▸ **WHAT TO DO**
An exact copy of the records is required, minus the pictures they hold.

▸ **Data entries**
....................
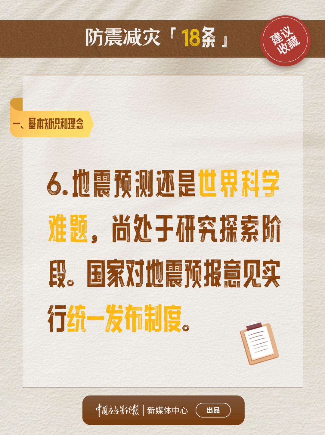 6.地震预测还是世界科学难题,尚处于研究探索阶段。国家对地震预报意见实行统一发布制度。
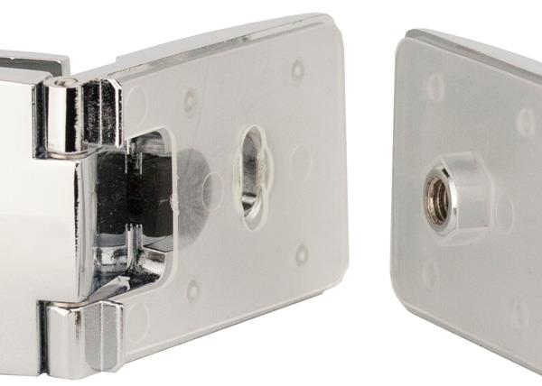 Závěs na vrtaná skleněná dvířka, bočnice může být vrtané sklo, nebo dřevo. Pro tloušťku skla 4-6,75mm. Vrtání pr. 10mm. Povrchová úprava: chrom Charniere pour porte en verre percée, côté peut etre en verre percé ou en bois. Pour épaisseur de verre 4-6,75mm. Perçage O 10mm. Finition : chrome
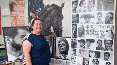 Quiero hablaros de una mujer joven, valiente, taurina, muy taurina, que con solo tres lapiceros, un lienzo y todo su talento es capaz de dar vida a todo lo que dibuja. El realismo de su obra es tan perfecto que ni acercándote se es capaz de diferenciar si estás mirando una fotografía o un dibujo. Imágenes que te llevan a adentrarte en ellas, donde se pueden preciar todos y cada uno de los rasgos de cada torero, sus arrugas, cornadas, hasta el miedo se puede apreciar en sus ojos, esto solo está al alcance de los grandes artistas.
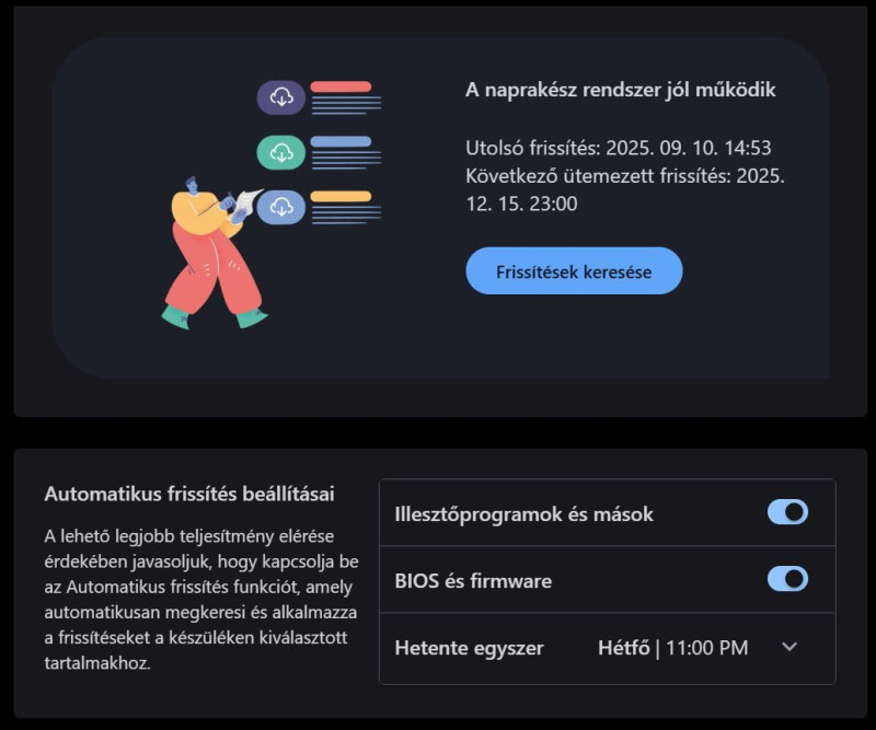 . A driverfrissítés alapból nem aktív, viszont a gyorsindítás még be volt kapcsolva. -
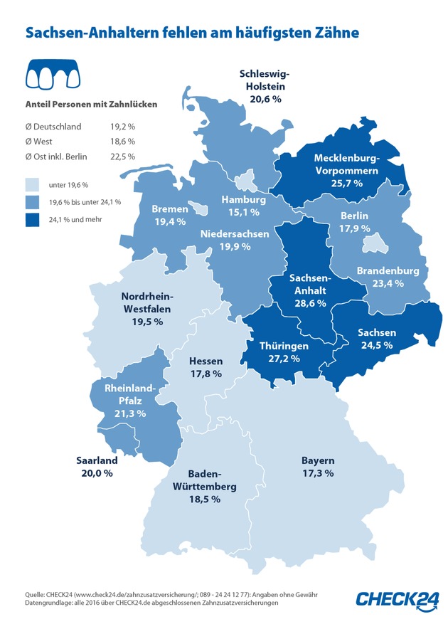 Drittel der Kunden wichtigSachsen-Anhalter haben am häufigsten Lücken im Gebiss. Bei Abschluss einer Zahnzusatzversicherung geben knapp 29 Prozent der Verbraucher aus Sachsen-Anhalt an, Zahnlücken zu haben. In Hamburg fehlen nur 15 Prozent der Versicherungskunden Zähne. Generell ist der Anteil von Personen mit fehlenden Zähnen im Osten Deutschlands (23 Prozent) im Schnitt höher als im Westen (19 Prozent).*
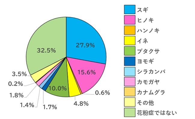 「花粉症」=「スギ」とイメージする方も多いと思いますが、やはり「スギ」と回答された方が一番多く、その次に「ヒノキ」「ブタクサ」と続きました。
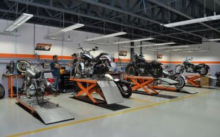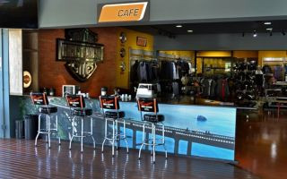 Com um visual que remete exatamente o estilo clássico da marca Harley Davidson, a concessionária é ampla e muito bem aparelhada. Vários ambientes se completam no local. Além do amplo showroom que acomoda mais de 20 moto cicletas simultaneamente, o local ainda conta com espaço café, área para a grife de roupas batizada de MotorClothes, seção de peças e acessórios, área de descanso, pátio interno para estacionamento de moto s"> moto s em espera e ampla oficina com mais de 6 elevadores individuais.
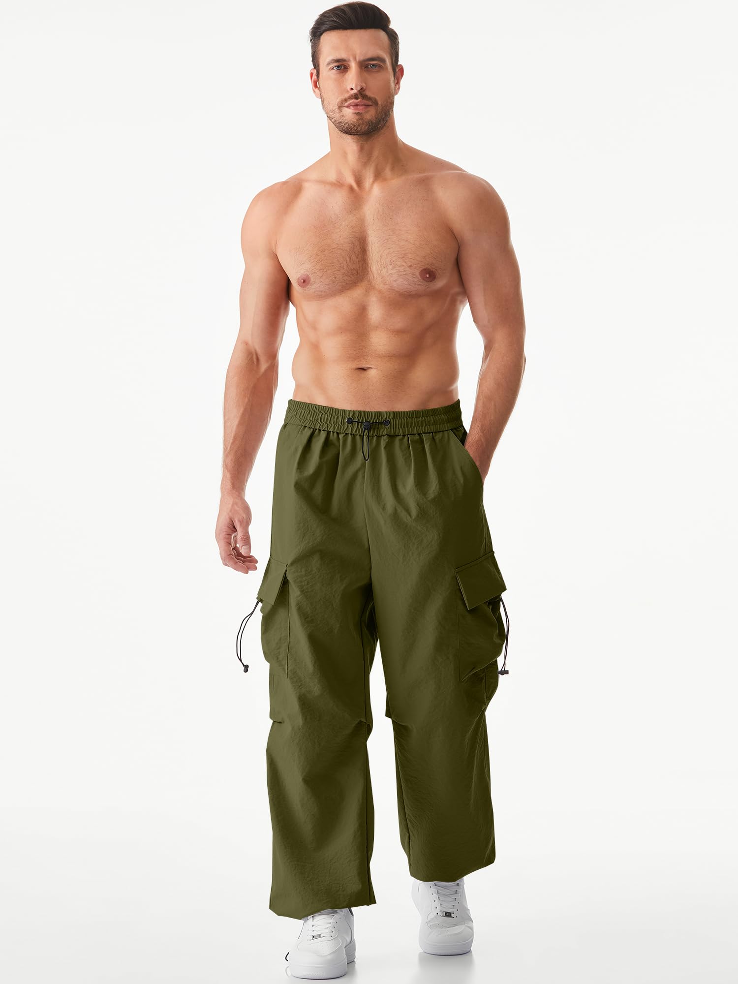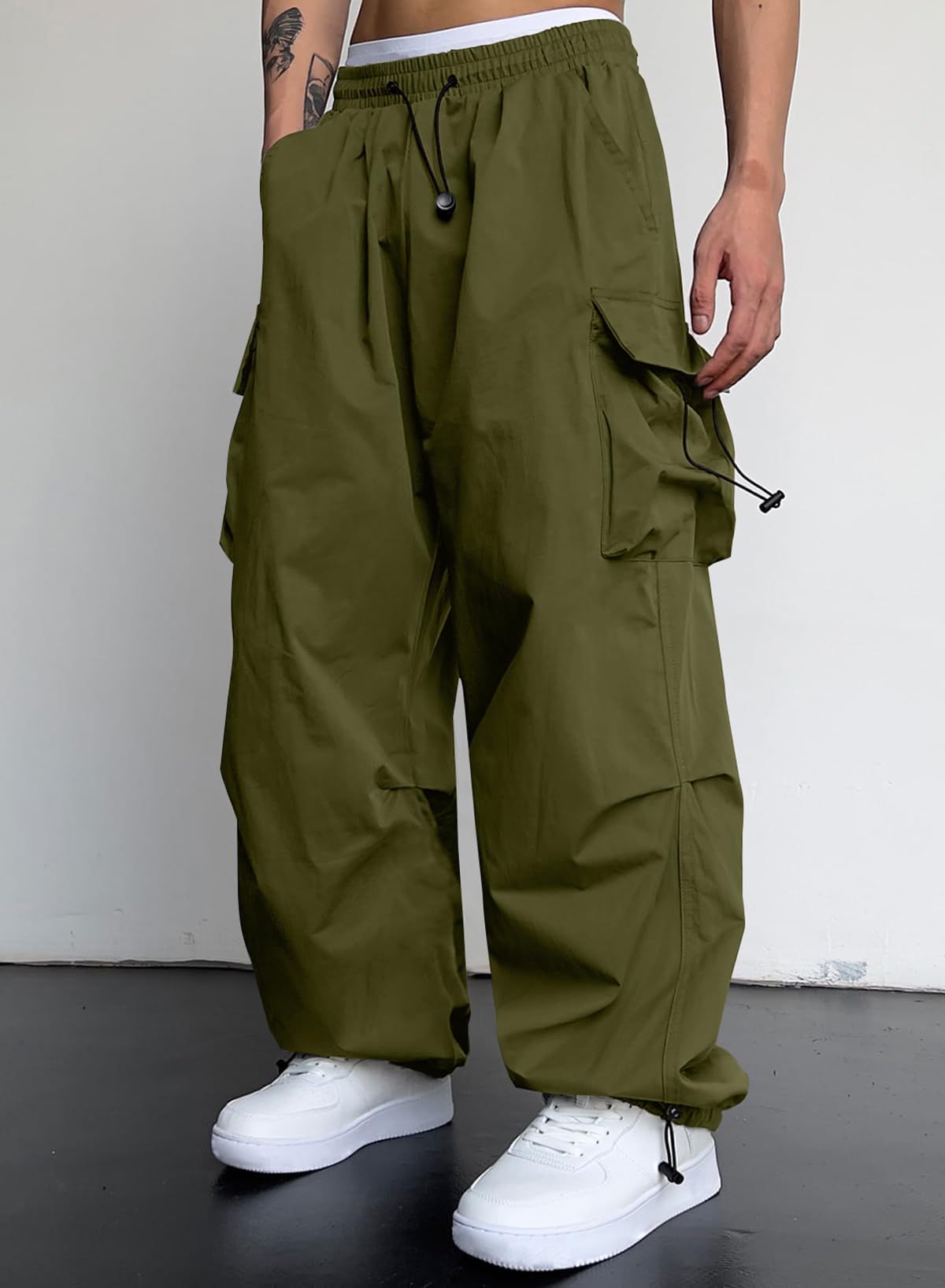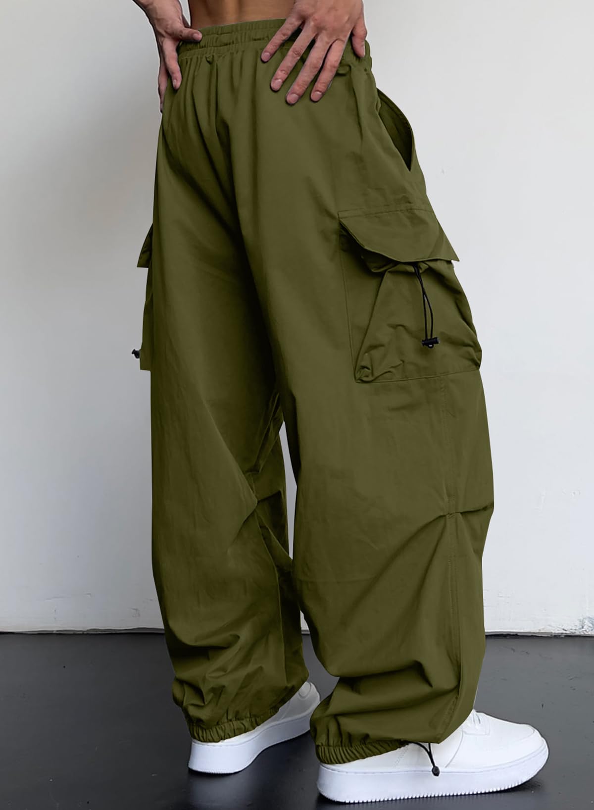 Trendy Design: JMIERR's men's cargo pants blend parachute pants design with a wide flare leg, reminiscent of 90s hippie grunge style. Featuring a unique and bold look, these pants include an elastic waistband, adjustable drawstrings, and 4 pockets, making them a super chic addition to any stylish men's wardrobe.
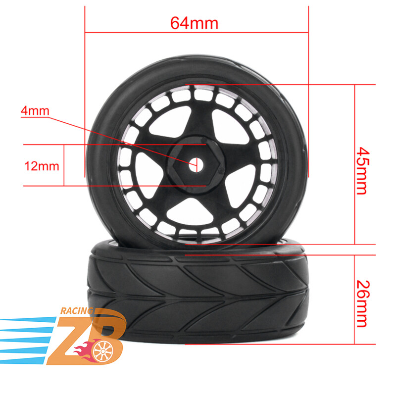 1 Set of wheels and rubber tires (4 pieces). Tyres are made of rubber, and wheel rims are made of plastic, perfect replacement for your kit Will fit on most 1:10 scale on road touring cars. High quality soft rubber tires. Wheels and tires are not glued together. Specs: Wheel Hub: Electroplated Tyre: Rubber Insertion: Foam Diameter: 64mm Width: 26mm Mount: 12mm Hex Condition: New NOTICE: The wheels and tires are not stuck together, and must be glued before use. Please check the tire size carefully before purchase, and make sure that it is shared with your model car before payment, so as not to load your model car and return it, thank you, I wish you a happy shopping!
....................
▸ **ANSWER BOX**
 6.地震预测还是世界科学难题,尚处于研究探索阶段。国家对地震预报意见实行统一发布制度。
 Závěs na vrtaná skleněná dvířka, bočnice může být vrtané sklo, nebo dřevo. Pro tloušťku skla 4-6,75mm. Vrtání pr. 10mm. Povrchová úprava: chrom Charniere pour porte en verre percée, côté peut etre en verre percé ou en bois. Pour épaisseur de verre 4-6,75mm. Perçage O 10mm. Finition : chrome
 Quiero hablaros de una mujer joven, valiente, taurina, muy taurina, que con solo tres lapiceros, un lienzo y todo su talento es capaz de dar vida a todo lo que dibuja. El realismo de su obra es tan perfecto que ni acercándote se es capaz de diferenciar si estás mirando una fotografía o un dibujo. Imágenes que te llevan a adentrarte en ellas, donde se pueden preciar todos y cada uno de los rasgos de cada torero, sus arrugas, cornadas, hasta el miedo se puede apreciar en sus ojos, esto solo está al alcance de los grandes artistas.
 . A driverfrissítés alapból nem aktív, viszont a gyorsindítás még be volt kapcsolva. -
 Drittel der Kunden wichtigSachsen-Anhalter haben am häufigsten Lücken im Gebiss. Bei Abschluss einer Zahnzusatzversicherung geben knapp 29 Prozent der Verbraucher aus Sachsen-Anhalt an, Zahnlücken zu haben. In Hamburg fehlen nur 15 Prozent der Versicherungskunden Zähne. Generell ist der Anteil von Personen mit fehlenden Zähnen im Osten Deutschlands (23 Prozent) im Schnitt höher als im Westen (19 Prozent).*
 「花粉症」=「スギ」とイメージする方も多いと思いますが、やはり「スギ」と回答された方が一番多く、その次に「ヒノキ」「ブタクサ」と続きました。
 Com um visual que remete exatamente o estilo clássico da marca Harley Davidson, a concessionária é ampla e muito bem aparelhada. Vários ambientes se completam no local. Além do amplo showroom que acomoda mais de 20 moto cicletas simultaneamente, o local ainda conta com espaço café, área para a grife de roupas batizada de MotorClothes, seção de peças e acessórios, área de descanso, pátio interno para estacionamento de moto s"> moto s em espera e ampla oficina com mais de 6 elevadores individuais.
 Trendy Design: JMIERR's men's cargo pants blend parachute pants design with a wide flare leg, reminiscent of 90s hippie grunge style. Featuring a unique and bold look, these pants include an elastic waistband, adjustable drawstrings, and 4 pockets, making them a super chic addition to any stylish men's wardrobe.
 1 Set of wheels and rubber tires (4 pieces). Tyres are made of rubber, and wheel rims are made of plastic, perfect replacement for your kit Will fit on most 1:10 scale on road touring cars. High quality soft rubber tires. Wheels and tires are not glued together. Specs: Wheel Hub: Electroplated Tyre: Rubber Insertion: Foam Diameter: 64mm Width: 26mm Mount: 12mm Hex Condition: New NOTICE: The wheels and tires are not stuck together, and must be glued before use. Please check the tire size carefully before purchase, and make sure that it is shared with your model car before payment, so as not to load your model car and return it, thank you, I wish you a happy shopping!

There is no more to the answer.